§ Provided data

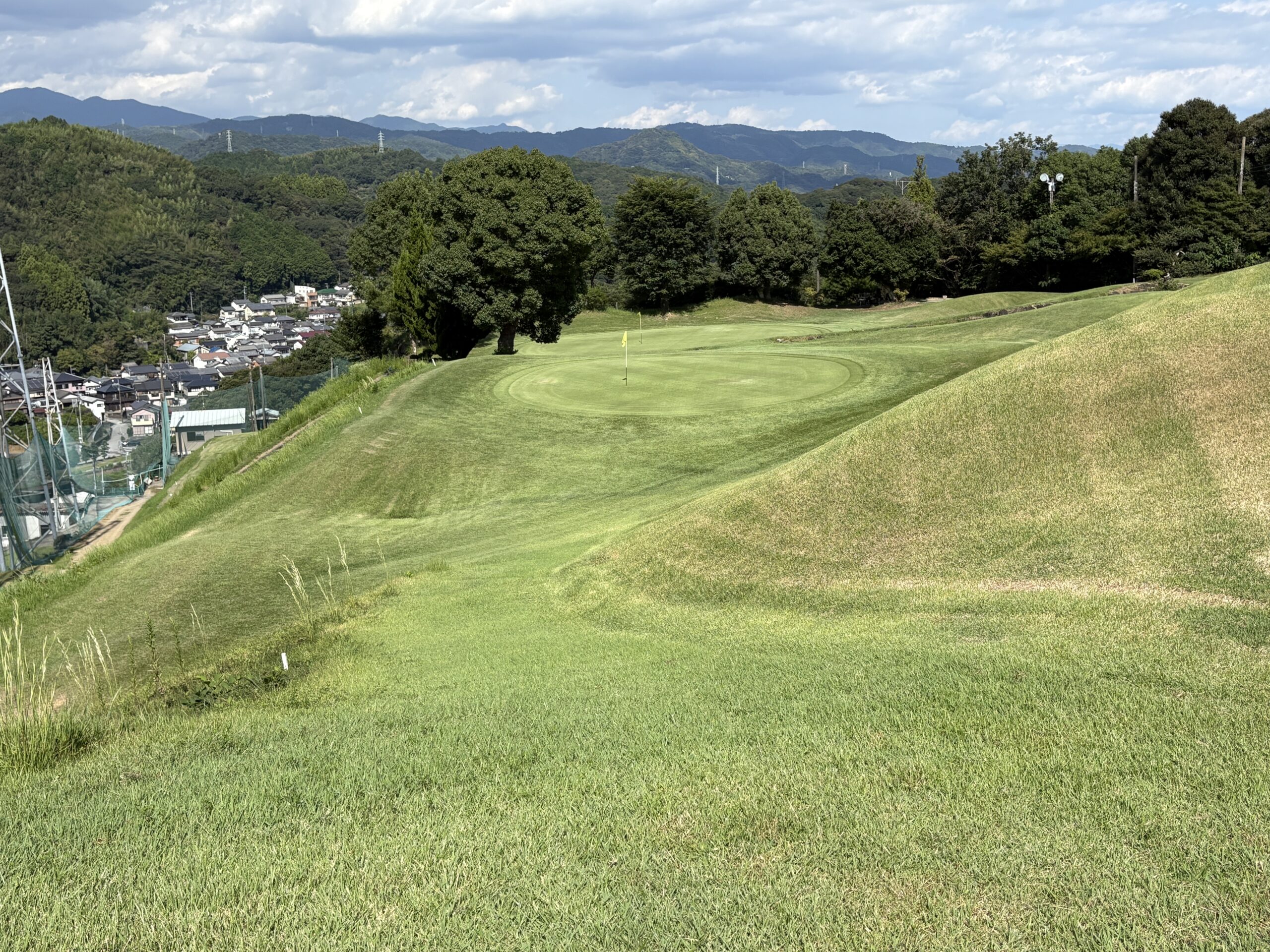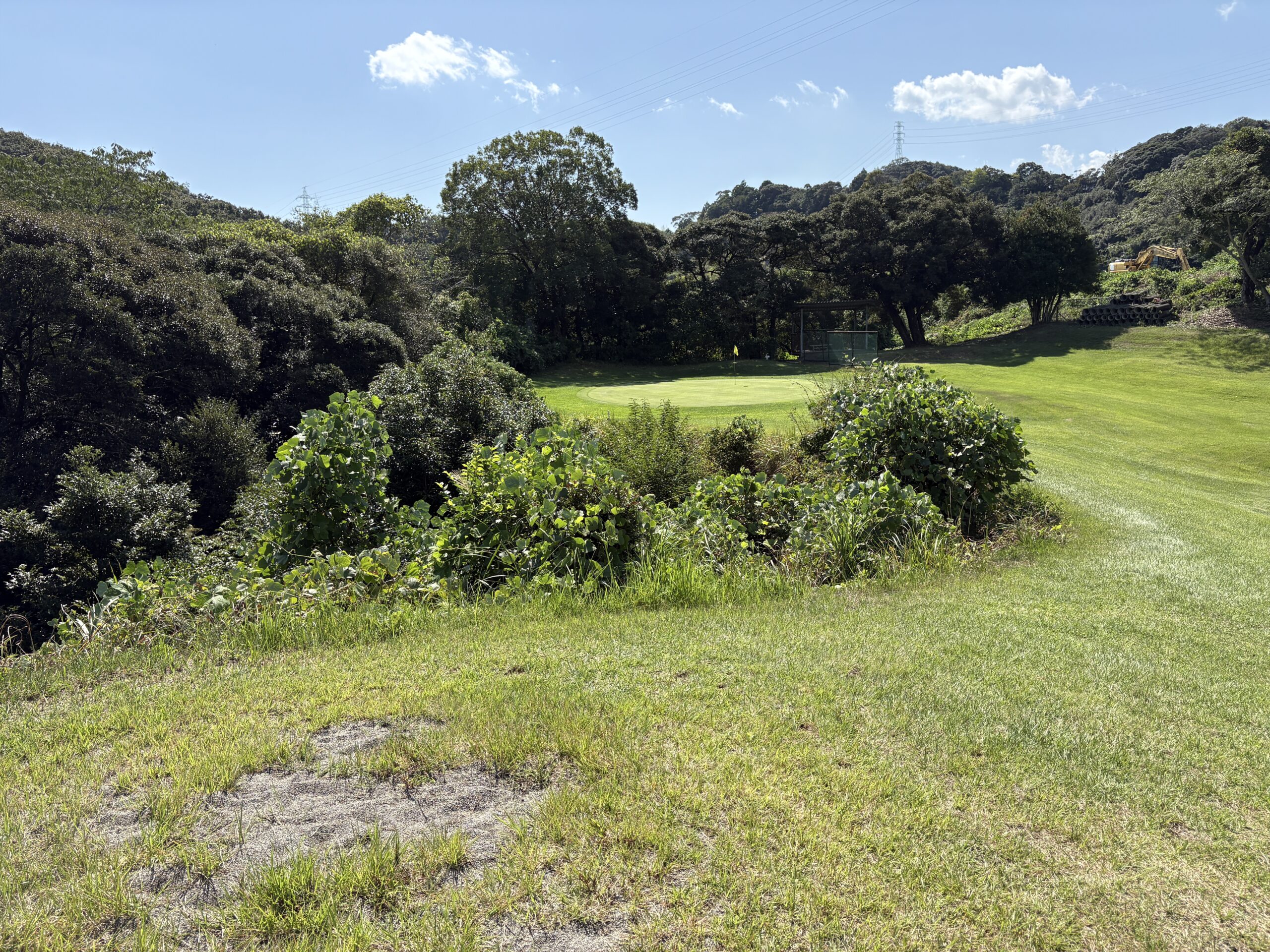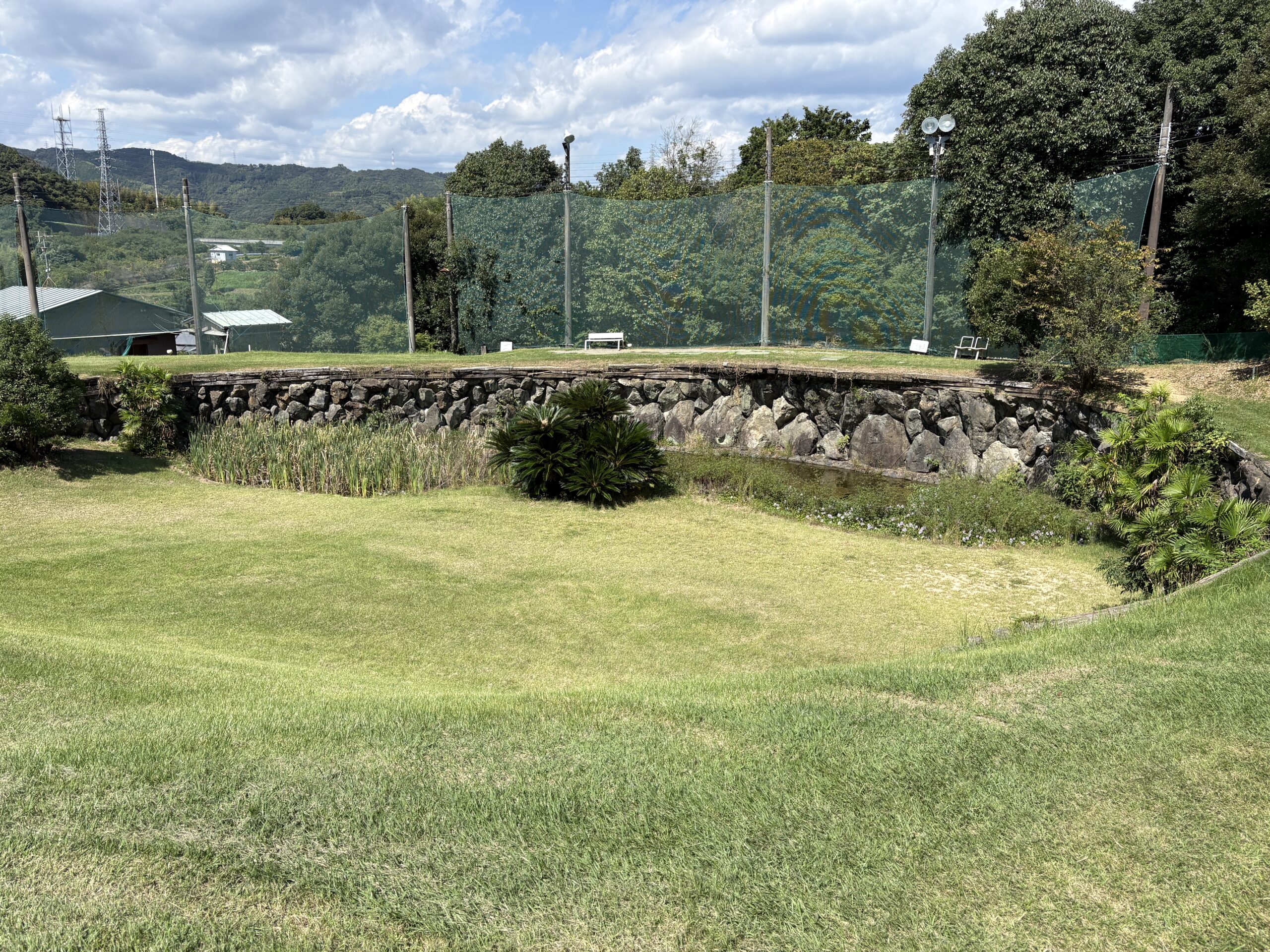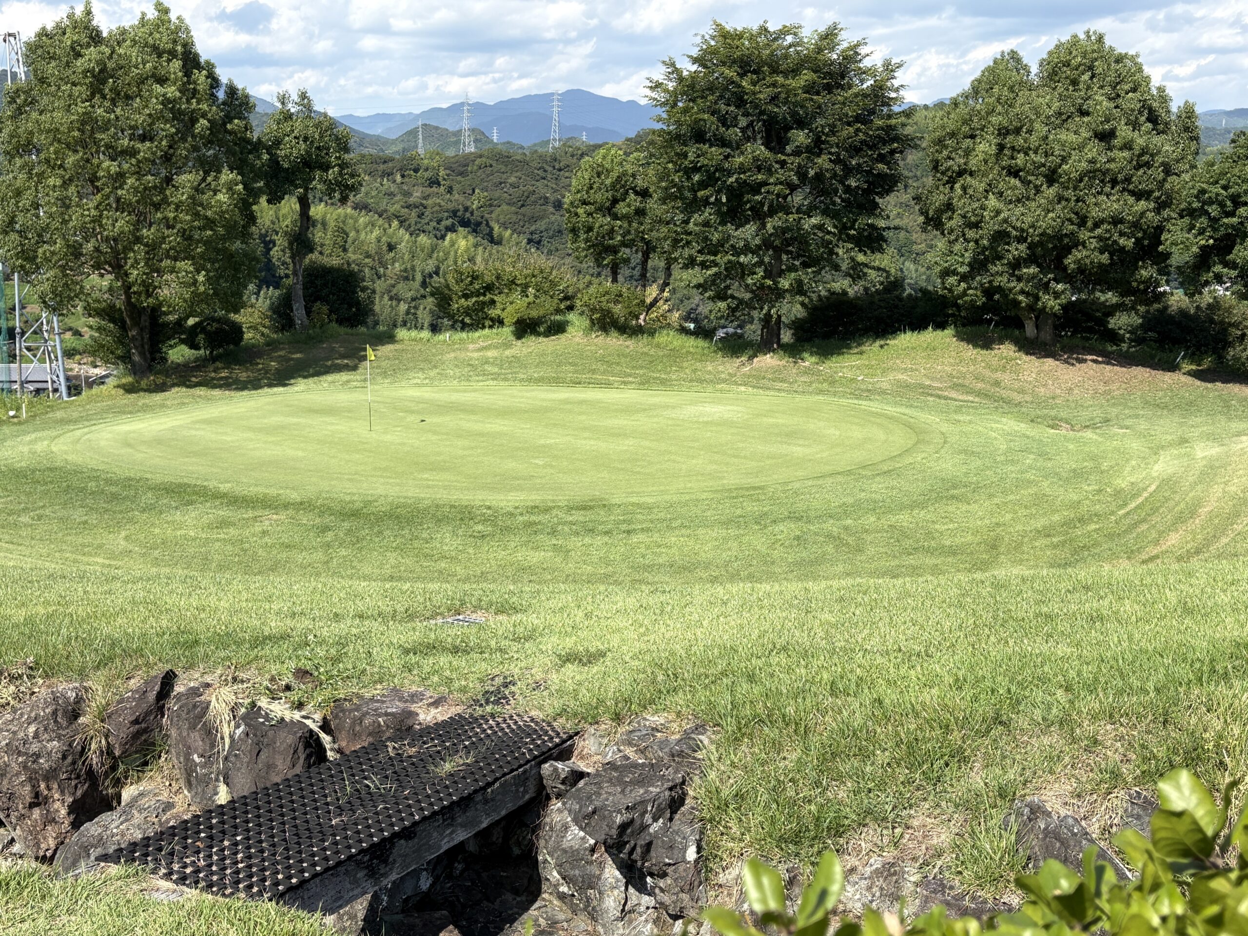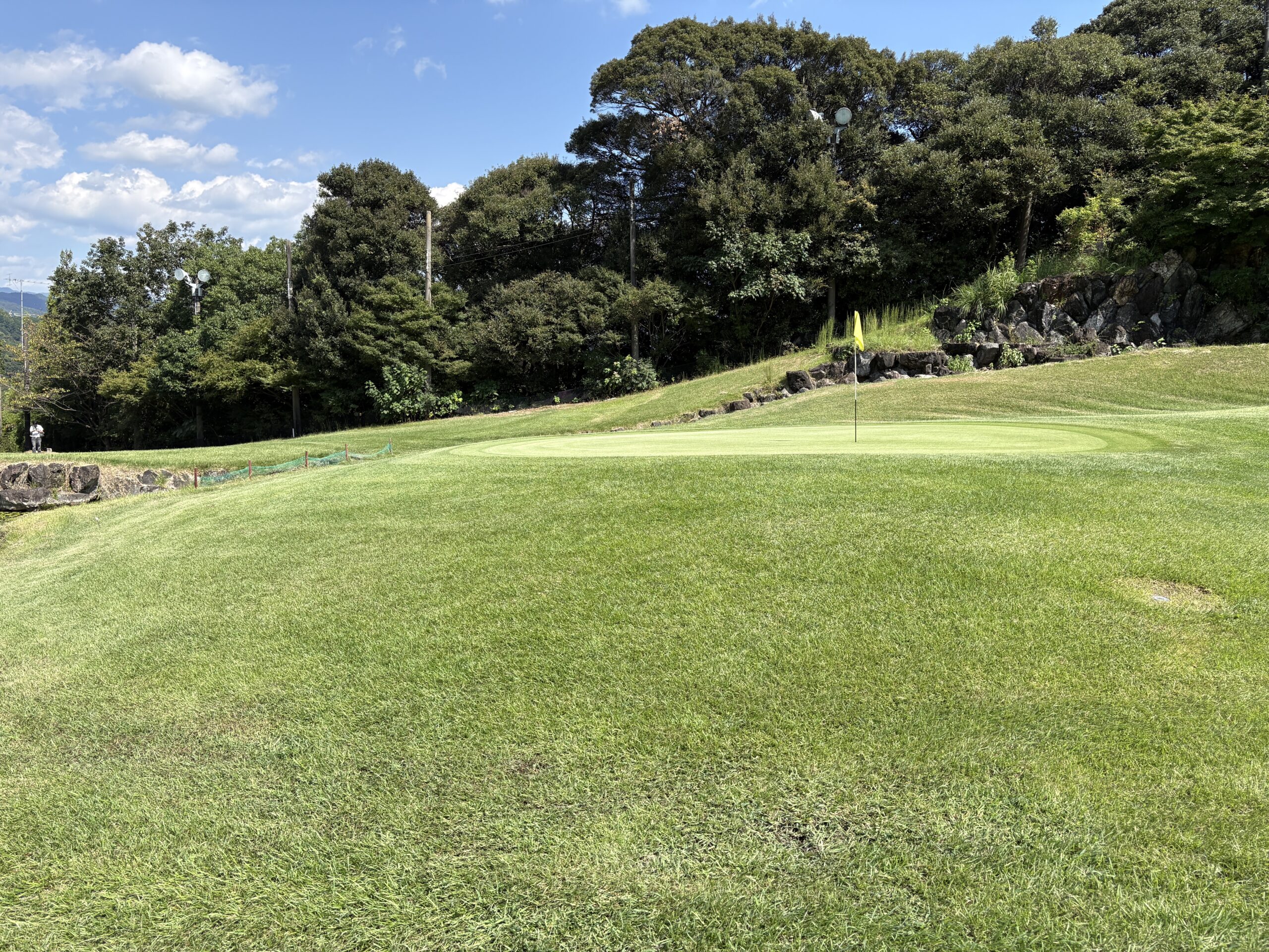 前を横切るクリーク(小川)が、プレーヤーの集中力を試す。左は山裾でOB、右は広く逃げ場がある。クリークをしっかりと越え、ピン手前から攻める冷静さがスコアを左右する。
---
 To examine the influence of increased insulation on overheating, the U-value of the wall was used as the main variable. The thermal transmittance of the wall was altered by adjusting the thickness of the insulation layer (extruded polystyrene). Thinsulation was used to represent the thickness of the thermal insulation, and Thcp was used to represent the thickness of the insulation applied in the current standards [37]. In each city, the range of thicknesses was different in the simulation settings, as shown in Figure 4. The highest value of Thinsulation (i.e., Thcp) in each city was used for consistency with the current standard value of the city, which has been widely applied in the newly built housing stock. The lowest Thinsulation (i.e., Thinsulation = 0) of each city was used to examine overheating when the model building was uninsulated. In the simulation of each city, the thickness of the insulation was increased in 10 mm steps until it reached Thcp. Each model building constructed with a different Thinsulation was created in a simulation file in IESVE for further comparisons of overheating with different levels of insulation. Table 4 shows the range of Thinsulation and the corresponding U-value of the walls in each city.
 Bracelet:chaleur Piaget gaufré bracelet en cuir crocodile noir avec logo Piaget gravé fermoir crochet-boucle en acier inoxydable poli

§ Work task
Could you set down, word for word, only the lines above from the line with "To examine the" to the line with "Bracelet:chaleur Piaget gaufré", including both?

§ Final answer
 To examine the influence of increased insulation on overheating, the U-value of the wall was used as the main variable. The thermal transmittance of the wall was altered by adjusting the thickness of the insulation layer (extruded polystyrene). Thinsulation was used to represent the thickness of the thermal insulation, and Thcp was used to represent the thickness of the insulation applied in the current standards [37]. In each city, the range of thicknesses was different in the simulation settings, as shown in Figure 4. The highest value of Thinsulation (i.e., Thcp) in each city was used for consistency with the current standard value of the city, which has been widely applied in the newly built housing stock. The lowest Thinsulation (i.e., Thinsulation = 0) of each city was used to examine overheating when the model building was uninsulated. In the simulation of each city, the thickness of the insulation was increased in 10 mm steps until it reached Thcp. Each model building constructed with a different Thinsulation was created in a simulation file in IESVE for further comparisons of overheating with different levels of insulation. Table 4 shows the range of Thinsulation and the corresponding U-value of the walls in each city.
 Bracelet:chaleur Piaget gaufré bracelet en cuir crocodile noir avec logo Piaget gravé fermoir crochet-boucle en acier inoxydable poli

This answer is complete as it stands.